Саммерли, вечный спорщик, как в научных, так и в повседневных делах заметно постарел и сильно похудел, волосы его стали совершенно белыми, но голос остался таким же скрипучим и язвительным, а козлиная бородка всё также смешно смотрелась на маленькой голове.

Но, пожалуй, единственными, кто ничуть не изменился, были лорд Рокстон и миссис Челенджер, чёрные как смоль волосы последней, казалось, стали ещё чернее, а её красивая маленькая фигура осталась такой же стройной и энергичной.

Стройный, но уже в летах лорд Рокстон имел всё тот же ясный ум, те же пышные усы, короткую заострённую на подбородке бороду и могущественный гордый взгляд. Его правильные черты лица по-прежнему внушали какую-то незримую уверенность и силу.

После ужина Челенджер пригласил всех в свой кабинет.

— Разумеется, друзья, приятно вспоминать о былых приключениях, но не будем забывать и о главной цели нашей встречи — об экспедиции, — начал Челенджер, когда все вчетвером, мы устроились на мягких стульях в его кабинете.

— Хотите тряхнуть стариной, профессор? — не удержался лорд от сарказма.

— Возможно, но, думаю, не я один, — ответил тот тем же, а мы улыбнулись, понимая, его намёк.

— Но перейдём к делу, — посерьёзнел профессор.

Видимо, с этого места он решил начать ту самую беседу, ради которой, в общем, и состоялась эта встреча.

— Друзья мои, — произнёс он, — сейчас вы услышите информацию, напрямую касающуюся организовываемой мною экспедицией.
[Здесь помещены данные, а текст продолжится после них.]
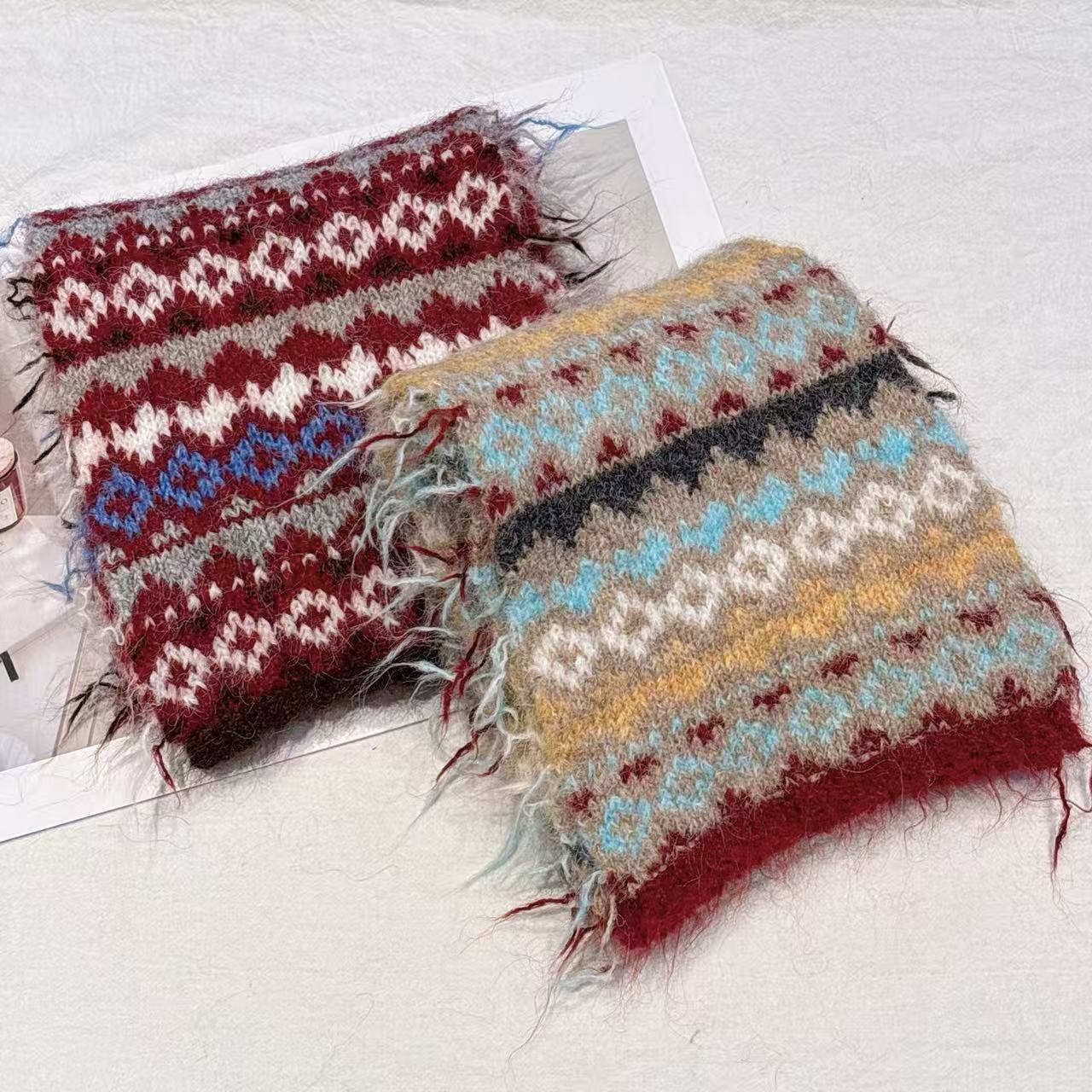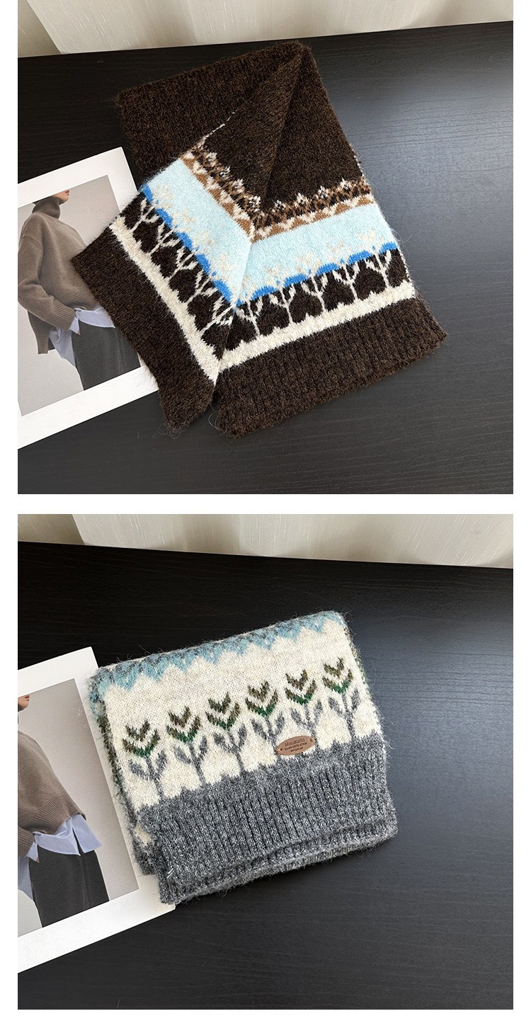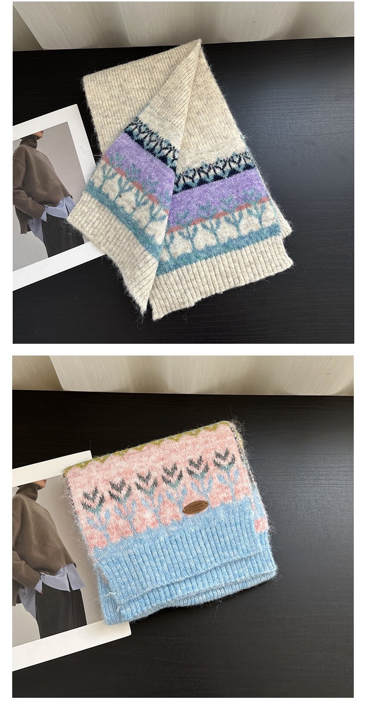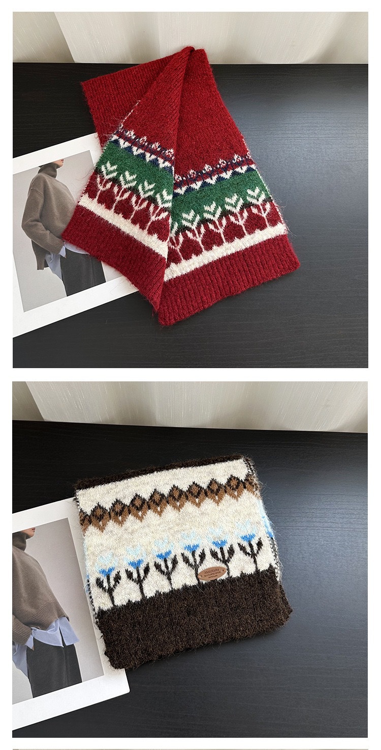 费尔岛风撞色针织围巾秋冬季韩系氛围感保暖围脖新款提花披肩女
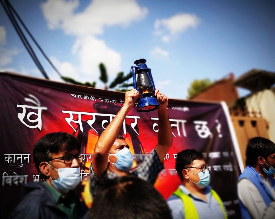 सूचना विभागमा लाल्टिन बालेर धर्ना दिँदै पीडित पत्रकार-कर्मचारीले सोधे, ‘खै सरकार कता छ ?’
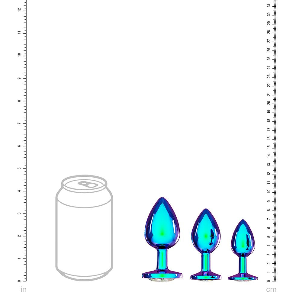 Discover the sophistication of Ouch! International with the Venice Collection 3-Piece Iridescent Plug Set. Featuring a stunning finish and jewel-encrusted bases, these smooth aluminum plugs combine luxury with pleasure. Designed with tapered tips for easy insertion and flared bases for security, they're perfect for solo or shared play. Elevate your sensations with the allure of temperature play and the unmatched elegance of Ouch! International.
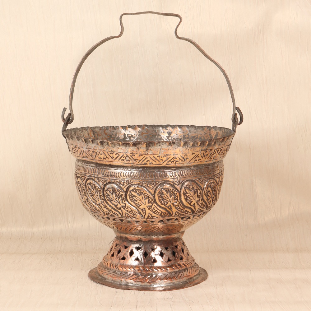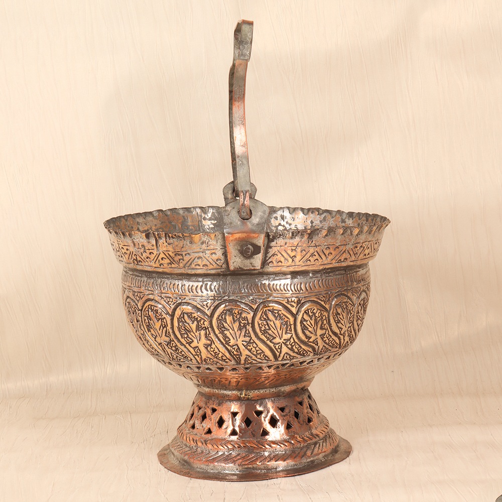 Bring the captivating essence of Islamic art into your home with our Vintage Copper Bucket. This exquisite piece is more than just a functional vessel - it's a stunning work of decorative art that will elevate the ambiance of any space. Immerse yourself in the rich history and vibrant culture of the Middle East with this breathtaking copper bucket. The intricate motifs, inspired by the artistic traditions of the Islamic world, create a mesmerizing visual display that captivates the eye. Whether placed on a mantel, shelf, or side table, this piece will instantly transform your space, evoking a sense of timeless elegance and cultural sophistication. The Vintage Copper Bucket is a must-have for those who appreciate the beauty of traditional craftsmanship and the allure of Islamic art. It's the perfect addition to the homes of design enthusiasts, art lovers, and anyone seeking to infuse their space with a touch of global inspiration. Embrace the captivating essence of this stunning piece and let it transport you to a realm of cultural wonder, where the past and present seamlessly intertwine.
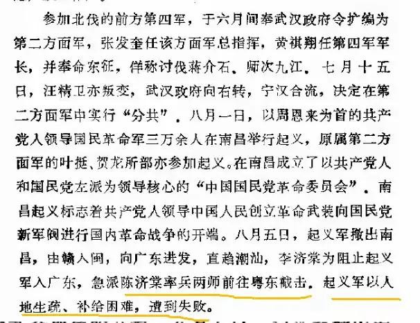 蒋介石“四一二”叛变革命后,以汪精卫为首的所谓国民党“左派”,于7月15日也暴露了反革命的原形,在武汉分共,张发奎是拥汪主要力量,唯汪马首是瞻,也把革命的第二方面军恶化为反革命的暴力了。但汪精卫还以革命自封,以国民党的“正统”自居,指南京的特别委员会为篡党,恃张发奎的第二方面军,喊出“夹攻中的奋斗”口号。张发奎由鄂入赣,至南昌,原是出兵去打南京的,共产党人以革命不能中断,原任24师师长的叶挺和20军军长贺龙及其他在共产党掌握中的部队,于8月1日起义,予汪,张以致命的打击,第二方面军从此支离破碎了。陈铭枢在北伐初期,早已与张发奎争功暗斗,愈斗愈烈,陈终不敌,把11军放弃了,由朱晖日接长。经此大变,陈铭枢嫡系蔡廷锴,蒋光鼐便率领余部,奔向福建,回归原主,和张发奎公开分裂。(华697注,根据《张发奎口述自传》蒋光鼐也弃职了,留下来的只有蔡廷锴,张任命他为第10师师长,)叶,贺挥军南下,张发奎如仍留在赣,鄂,又怕受不了唐生智的压迫,难以自存,只好扬言追击,遂亦移师南指。叶,贺南下是入粤东,张部南下却趋粤北,事实上是追无可追,击更无从击的。不过是借追击之名骗人,作图粤之举以备再起而已。】
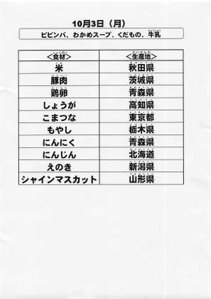 給食食材の産地情報
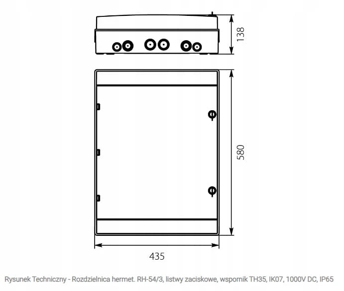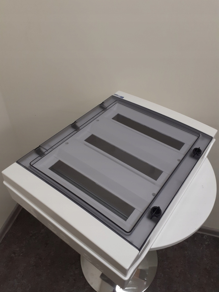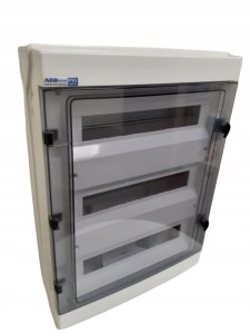 - Przednia część rozdzielni posiada drzwi w kolorze transparentnym wykonane z tworzywa ABS (650C).
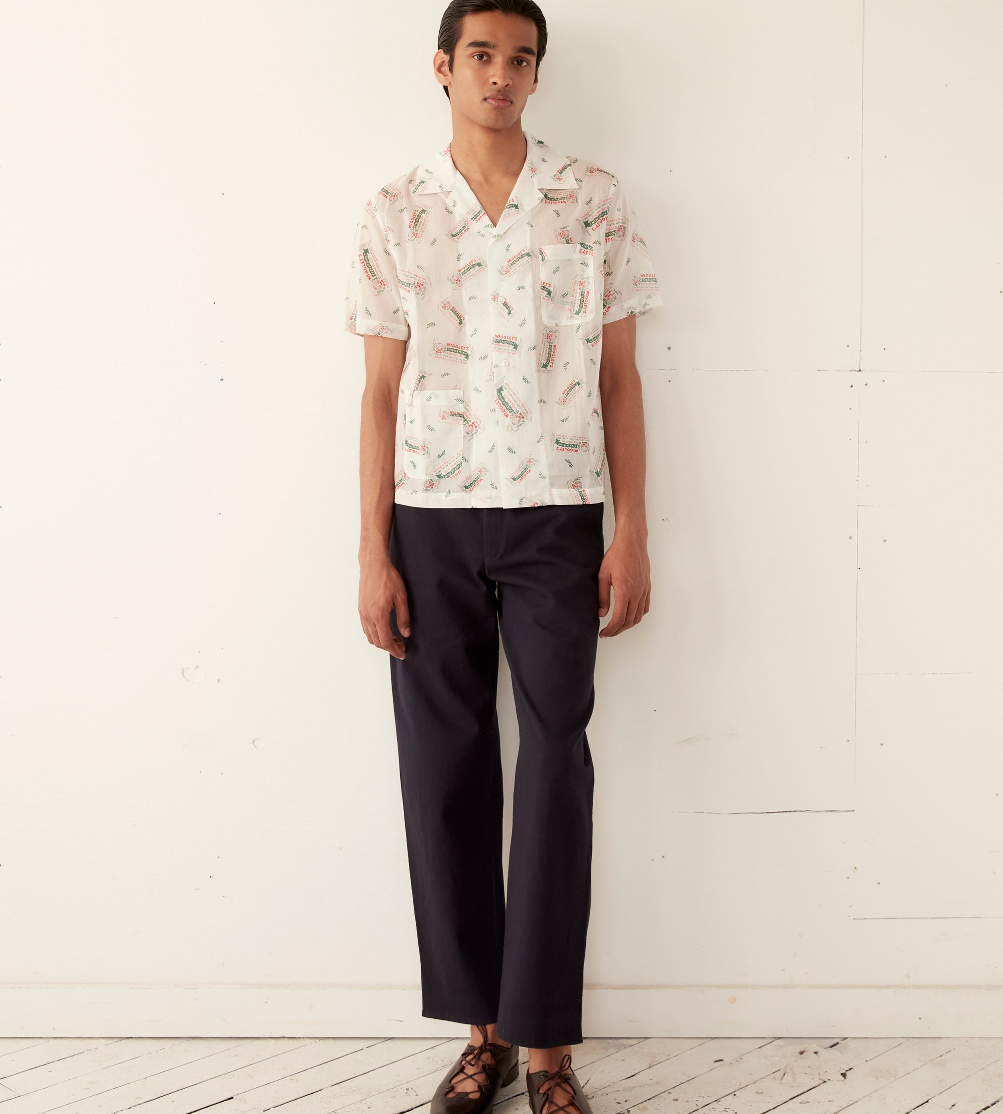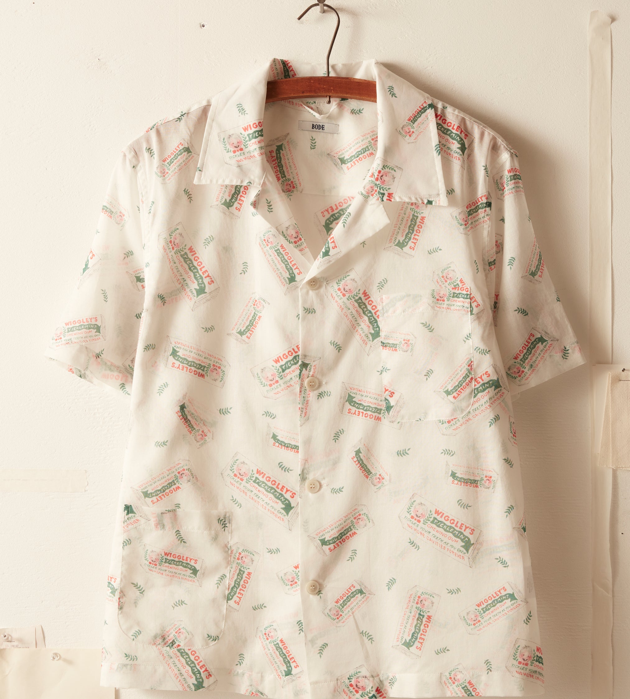 BODE Men’s Ready To Wear Wiggley Short Sleeve Shirt | White
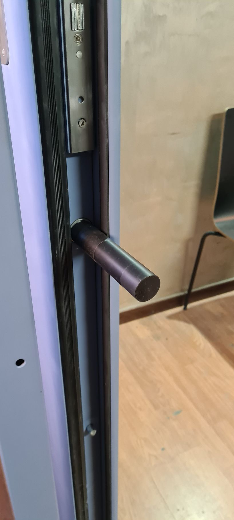 La porta è equipaggiata con una serratura di sicurezza che include rostri laterali e pistoni pneumatici automatici, rendendola molto difficile da forzare.
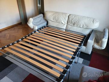 Divano letto in pelle panna 3 posti.modello Giaggiolo Poltrone e Sofà, Design classico molto belo ed estremamente comodo. Pelle in ottime condizioni, sempre usato il copridivano. Misure 220x90cm, larghezza seduta tra i braccioli circa 150cm. Lunghezza aperto circa 230cm. Larghezza rete 160cm.
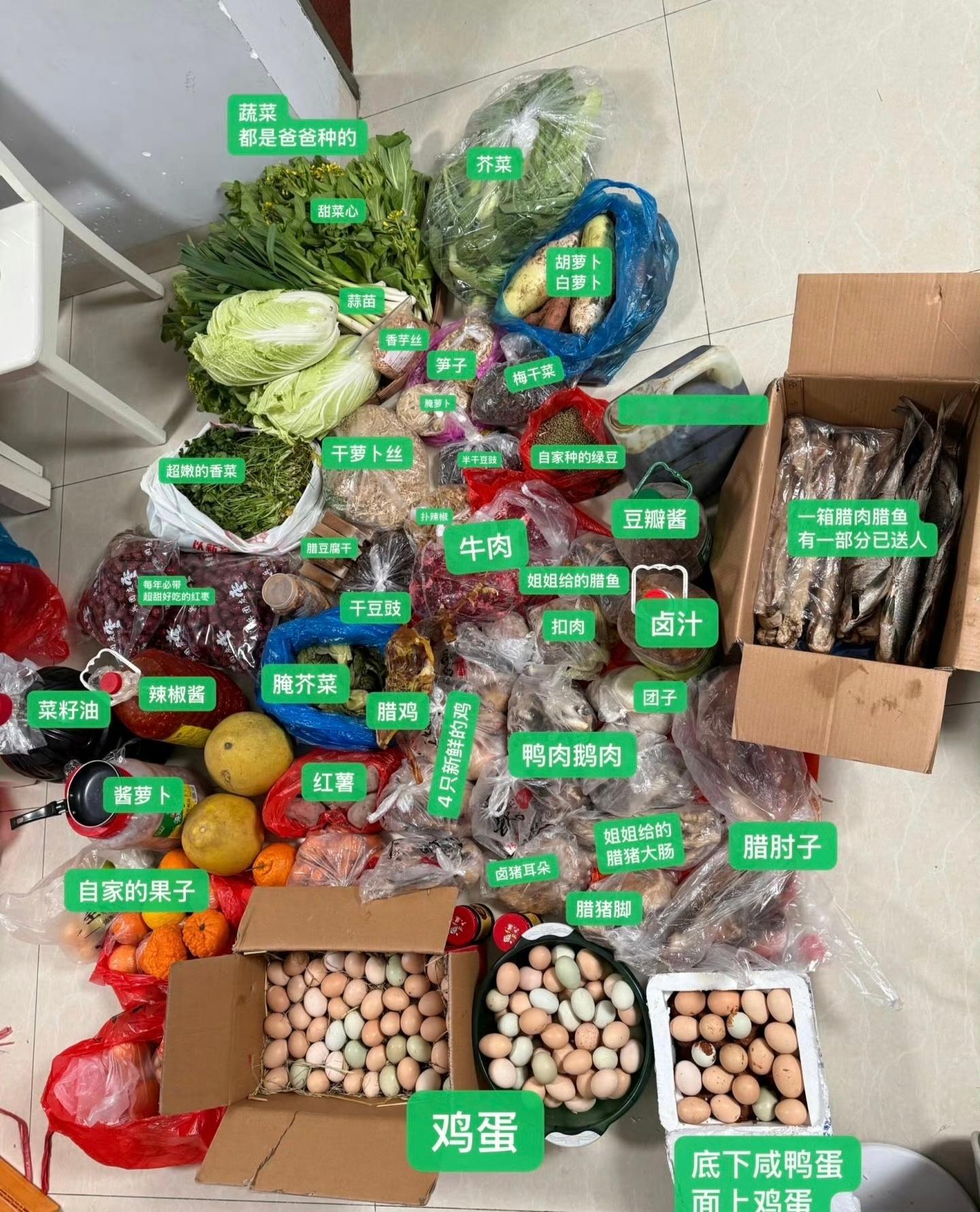 塞满的是后备箱温暖的是游子心返程的后备箱直接被爸妈塞成移动杂货铺!新鲜蔬菜、活鸡
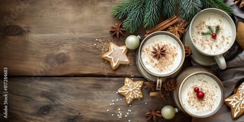 Festive Christmas eggnog in white cups with cinnamon, surrounded by holiday decor

Видите ли, так уж вышло, что разглашение этой информации может привести к нежелательным последствиям, в частности к срыву всей экспедиции. Вы поймёте, что именно я имею в виду, когда я ознакомлю вас со всем, что знаю сам. Однако прежде чем я это сделаю, вы все должны дать обещание, что, по крайней мере, до завершения предполагаемой экспедиции, вы не расскажете о ней ни единому человеку, даже самому приближённому к вам. На время всё это должно остаться в тайне только между мной и вами, — мы кивнули. — Я хорошо вас знаю и уважаю за порядочность и честность, поэтому чтобы быть уверенным в вашем молчании, мне достаточно лишь вашего слова.

— Вы можете быть спокойны, мы будем хранить молчание до тех пор, пока это будет необходимо, — ответил лорд Джон.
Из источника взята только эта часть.